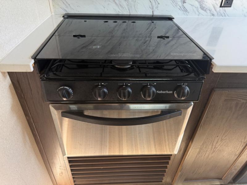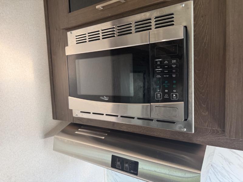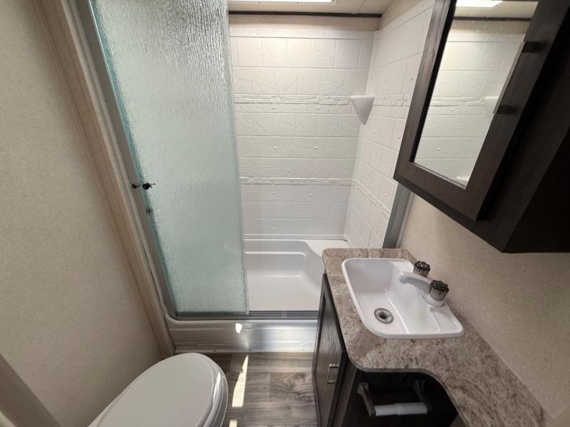 When you want time away from home, but yet want the comforts of home, then choose a Wildwood Heritage Glen LTZ travel trailer or fifth wheel by Forest River. These models have plenty of residential features, such as a stainless steel Everchill residential refrigerator, decorative Midnight Metal subway style backsplash, stain resistant carpet in the living room, and Shaw Guardian Hickory Way linoleum in the kitchen. Along the exterior you will find a full wrap around aerodynamic front cap with LED lights, a gel coated fiberglass exterior, and marine grade exterior speakers with a blue LED light. The electric awning with LED lights provides plenty of shade and allows you to instantly have a nice outdoor living space and the outside shower provides a place to wash off the sand from the lake or fill the dogs water bowl!
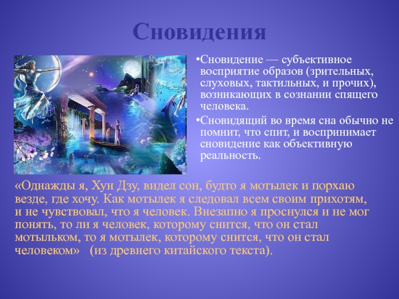 «Однажды я, Хун Дзу, видел сон, будто я мотылек и порхаю везде, где хочу. Как мотылек я следовал всем своим прихотям, и не чувствовал, что я человек. Внезапно я проснулся и не мог понять, то ли я человек, которому снится, что он стал мотыльком, то я мотылек, которому снится, что он стал человеком» (из древнего китайского текста).
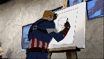 look at his paintings on the wall omg he’s got two of Tony up there aaaahh and Thor and Hulk gazing into each other’s eyes
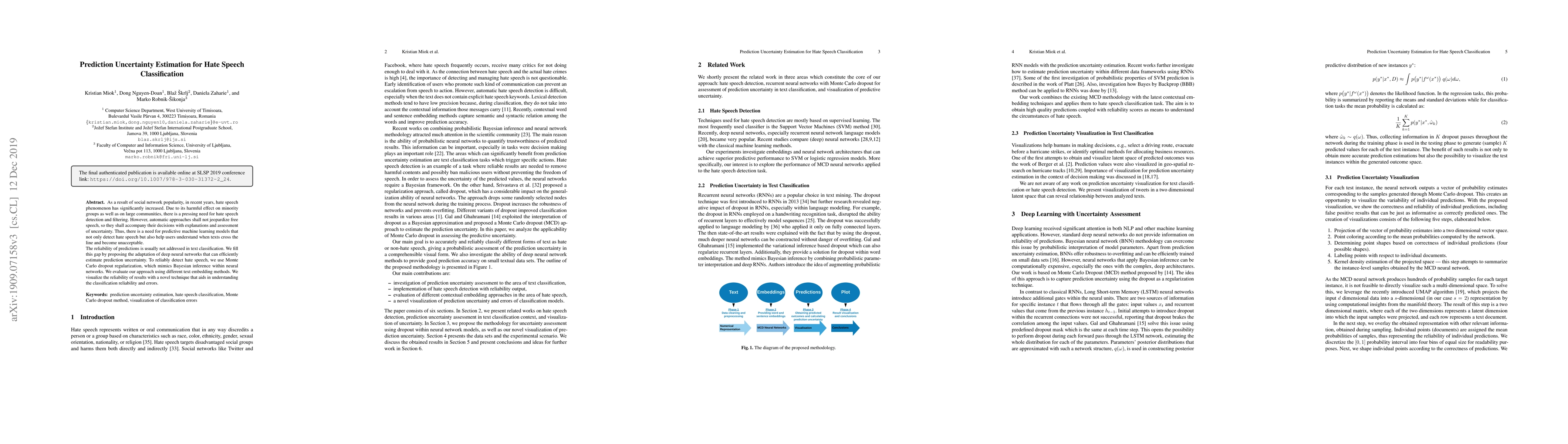 This paper proposes a deep neural network model with Monte Carlo dropout regularization to detect hate speech and estimate prediction uncertainty, ensuring the reliability of its classifications while maintaining transparency. The approach is evaluated using various text embeddings, and a novel visualization technique is introduced to help users understand classification reliability and errors.
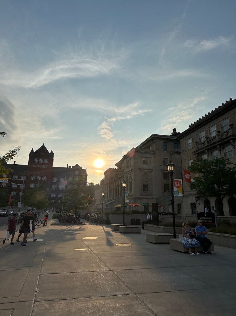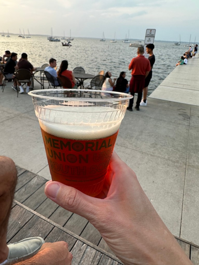 Originally we were just going to stay home Saturday night, but it was just so beautiful out. We decided to drive down to the University of Wisconsin- Madison Memorial Union Terrace along Lake Mendota, which is probably one of the biggest gems of the university. It’s a major fan favorite spot. They have live music at night and these iconic chairs and tables:

• • • • • • •

What you need to do
Leaving the pictures out, output the material exactly as it appears.

Solved problem
 When you want time away from home, but yet want the comforts of home, then choose a Wildwood Heritage Glen LTZ travel trailer or fifth wheel by Forest River. These models have plenty of residential features, such as a stainless steel Everchill residential refrigerator, decorative Midnight Metal subway style backsplash, stain resistant carpet in the living room, and Shaw Guardian Hickory Way linoleum in the kitchen. Along the exterior you will find a full wrap around aerodynamic front cap with LED lights, a gel coated fiberglass exterior, and marine grade exterior speakers with a blue LED light. The electric awning with LED lights provides plenty of shade and allows you to instantly have a nice outdoor living space and the outside shower provides a place to wash off the sand from the lake or fill the dogs water bowl!
 «Однажды я, Хун Дзу, видел сон, будто я мотылек и порхаю везде, где хочу. Как мотылек я следовал всем своим прихотям, и не чувствовал, что я человек. Внезапно я проснулся и не мог понять, то ли я человек, которому снится, что он стал мотыльком, то я мотылек, которому снится, что он стал человеком» (из древнего китайского текста).
 look at his paintings on the wall omg he’s got two of Tony up there aaaahh and Thor and Hulk gazing into each other’s eyes
 This paper proposes a deep neural network model with Monte Carlo dropout regularization to detect hate speech and estimate prediction uncertainty, ensuring the reliability of its classifications while maintaining transparency. The approach is evaluated using various text embeddings, and a novel visualization technique is introduced to help users understand classification reliability and errors.
 Originally we were just going to stay home Saturday night, but it was just so beautiful out. We decided to drive down to the University of Wisconsin- Madison Memorial Union Terrace along Lake Mendota, which is probably one of the biggest gems of the university. It’s a major fan favorite spot. They have live music at night and these iconic chairs and tables:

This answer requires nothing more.